# Moving Alternatives



## nelladeer (Aug 1, 2009)

Hi Everyone! I've been lurking on this post for over a year. Hubby & I will be making the big move to the Lake Chapala area in August. We have already made one exploratory trip down. We are looking at our options for moving our "stuff". We will be renting a furnished apartment or house, but will be taking linens, HH, tools, office, computers,Kitchen small appliances, sewing machines, clothes, etc., but no furniture.
Option #1- Haul down a small trailer behind our SUV.
Option #2- Rent a box truck, hauling our SUV behind it. Then in Larado, transfer everything to Strom White or some other moving company, and let the moving company get everything through the border and down to Lake Chapala. 
In either case, we would have 2 copies of everything listed on each box in English and Spanish.
Option # 3- Have everything picked up at our present home in Panama City, Florida, and let the moving company take over from there,$$$
We estimate our stuff will fill up a 5 by 8 trailer.
Any comments welcome.


----------



## RVGRINGO (May 16, 2007)

You have done well in getting the load down to a 5x8 trailer. The next step is to swallow hare, gird your loins, stiffen your upper lip, straighten your back and get it all down to what will fit in your SUV.
Hauling a trailer, your own, into Mexico will mean that you will have to rent a place to store the thing, and that you cannot take your SUV out of Mexico without the trailer attached; they become one unit on your Importada Temporal.
Parking stuff at the border might be an option, allowing you to go back with the SUV to bring more down whenever you visit back north.
Using a mover for a small load is an option, but an expensive one, and may require a wait until you get your visa completed after moving into your home in Mexico. 
In any event, the less you carry, the happier you will be. Even your SUV will have to be removed from Mexico in 4 years.
You are going to love Chapala, especially if you travel light. Half the fun is exploring for stuff here and in the surrounding area.


----------



## michmex (Jul 15, 2012)

Another alternative is to utilize a low cost mover that provides only the transportation and customs brokerage services. We looked into using ABF UPack for a while until we decided that we preferred to replace most of our things by selling on Craigslist in the USA and then buying here in Mexico. Our biggest regrets were selling a 8 place hand carved dining table (originally purchased in Mexico) and a microfiber living room set that we have not been able to replace here.

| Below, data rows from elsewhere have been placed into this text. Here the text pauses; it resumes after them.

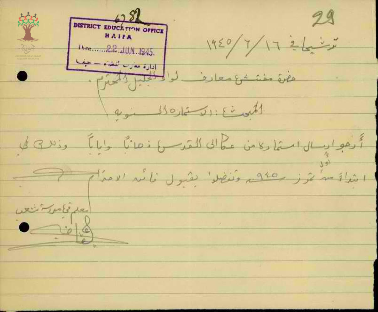 رسالة من المعلم علي القاضي إلى مفتش المعارف يطلب ارسال الاستمارة السنوية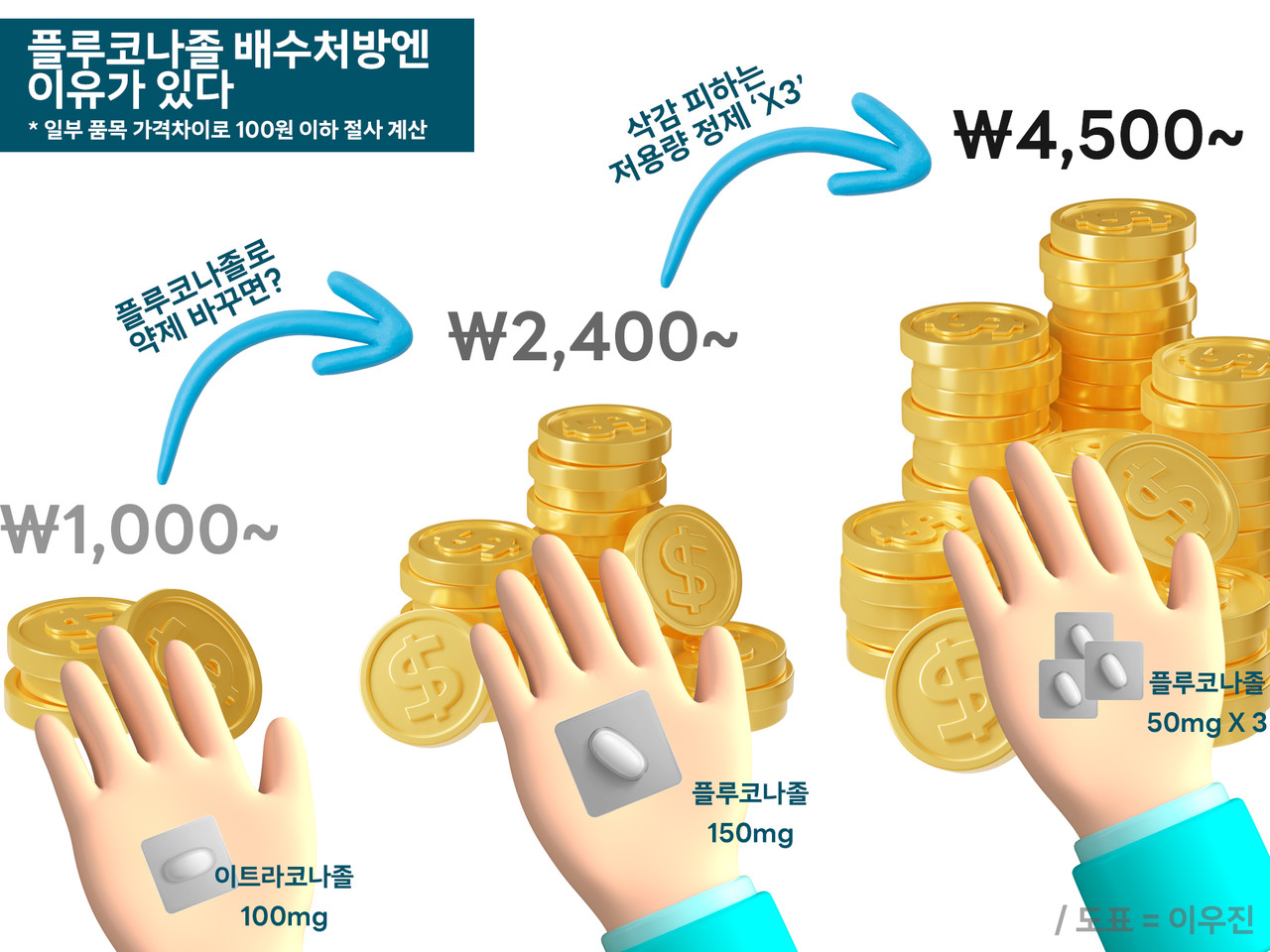 플루코나졸 정제는 150mg와 50mg가 있는데 50mg의 금액이 1510원대이고, 150mg 제품이 2450원대다. 즉 저용량 세 개를 처방해 약 1.8배 수준의 약가를 받는 편법성 영업이 2023년 2월부터 불가능해졌다는 뜻이다.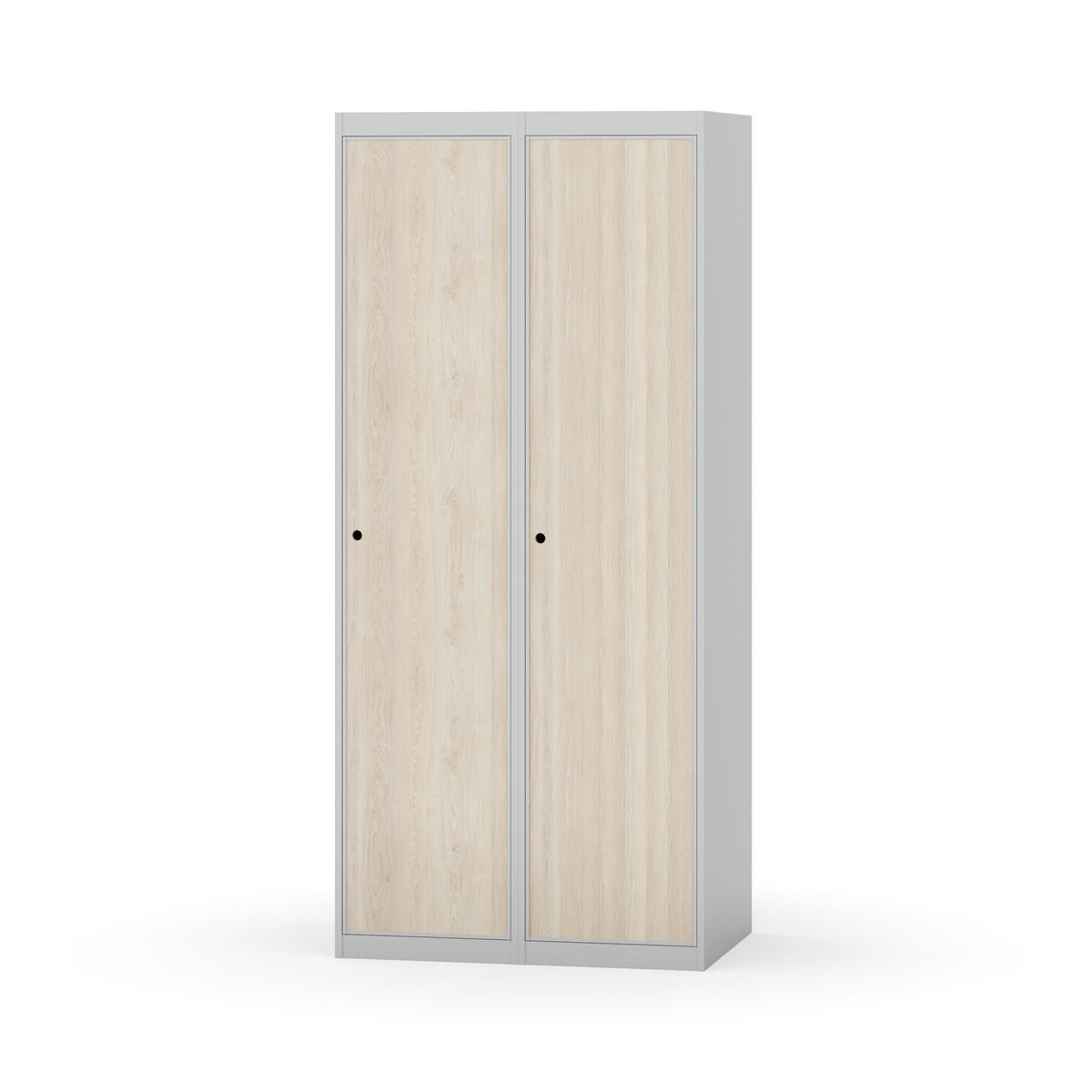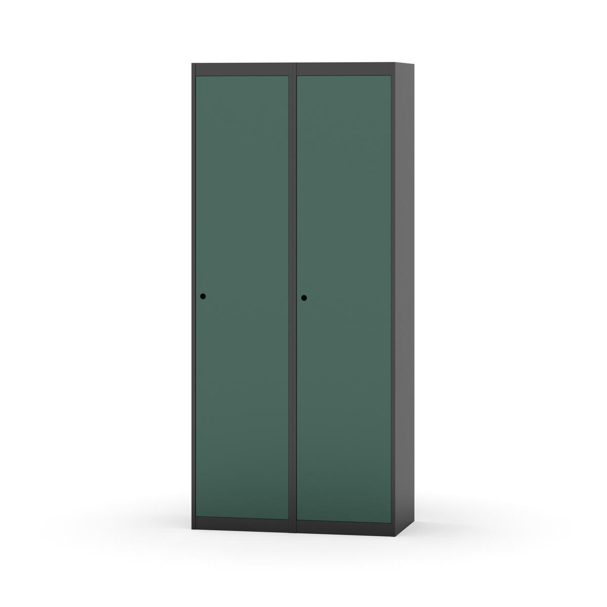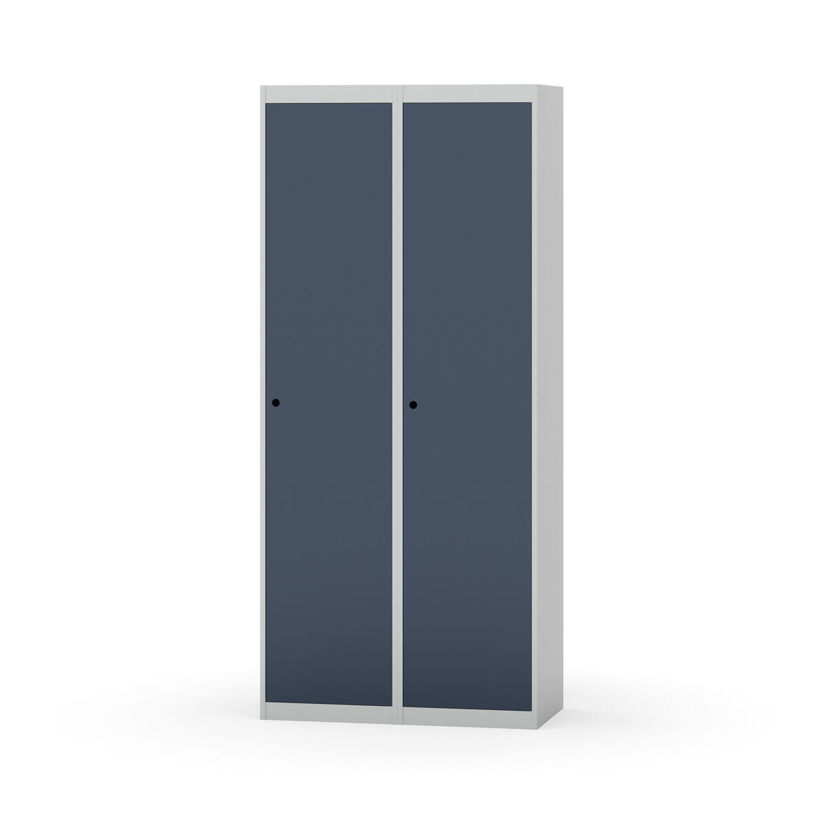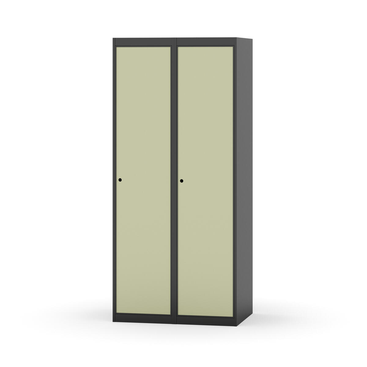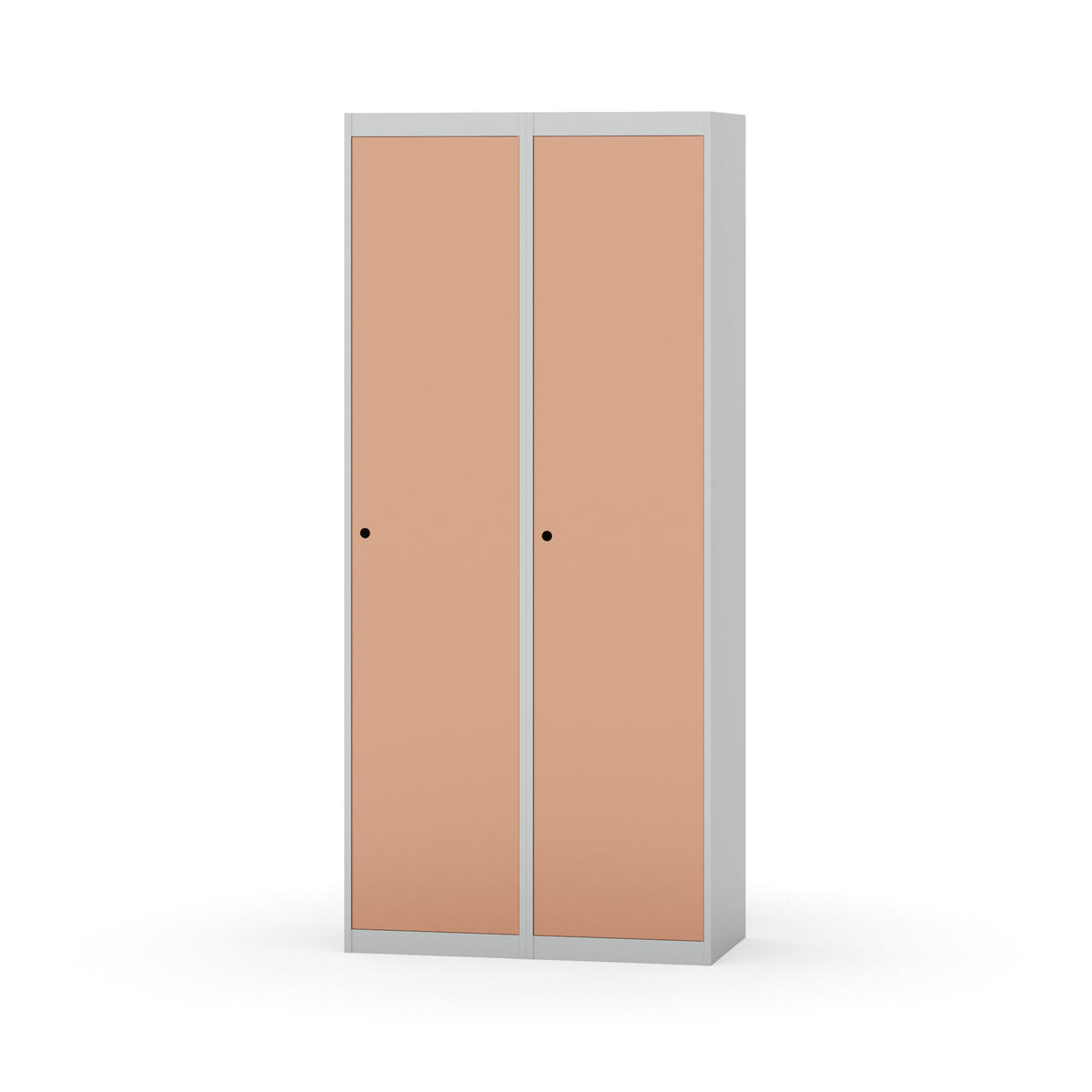 Klädskåp med helsvetsad stomme. Välj mellan plåt eller laminatdörr. Plåtdörren är försedd med dörrstopp i stål och infälld förstärkning kring låshålet. Laminatdörr infälld i stålram försedd med dörrstopp i stål. Dörrar är öppningsbara 90 grader. Inredning: Hyllplan och klädstång med två ankarkrokar. Slät golvyta utan tröskel. Ventilation genom hål i tak-/bottenplåt. Observera att lås och underrede beställs på separata artikelnummer. Lås kommer att vara monterade på skåp vid leverans. Valt underrede monteras på plats.

The ABF cost was easily 50% lower than anything we received from traditional movers. They drop off a container or truck depending on the space you need. You pack your items and load them. ABF makes a pickup and delivers them to your door in Mexico where you unload them


Free Moving Quotes | ABF U-Pack Moving


----------



## FHBOY (Jun 15, 2010)

I took the easy way. Sold most of what I knew I didn't need, gave away more stuff I found out I really didn't need and gave the "kids" an early inheritance of "stuff" that they wanted when I was six feet under. 

Then hired Strom White as a one-source, sole responsibility no hassle way of getting the remainder down here.

Yep, I'm lazy - I trade off dollars for convenience when it is warranted.

Could I have done it less expensively? Yep...but this was the start of a new life, and getting rid of hassles is intrinsic to it.

Hope to run into you here at Lakeside - life is good!


----------



## Longford (May 25, 2012)

Option #4: Leave almost everything behind. Oftentimes the best option. 

:welcome: to the Mexico forum!


----------



## TundraGreen (Jul 15, 2010)

Longford said:


> Option #4: Leave almost everything behind. Oftentimes the best option.
> 
> :welcome: to the Mexico forum!


Agreed. I arrived on an airplane 6 years ago with two suitcases.

Before coming to Mexico, I had a typical house full of junk. I got rid of 90% of it and put the small amount left in a 5'x10' storage locker. Six years later, it is still in that storage locker. Every time I make a trip to the US, I get rid of a little more, but at the rate I am going it will be left to my kids to finally clean it out.


----------



## nelladeer (Aug 1, 2009)

*moving alternatives*

Thanks for the many kind responses. After so many years of accumulation (auction addict), it is scary to think of heading off with only what our SUV will hold. It reminds me of a time many years ago when I had finally had enough of spousal abuse. I packed the car, and two small children and just......left. It was exhilarating.
I will look into the ABF pod type of moving; it sounds like it may be just the ticket. We are so looking forward to this move, whether with "stuff" or without.


----------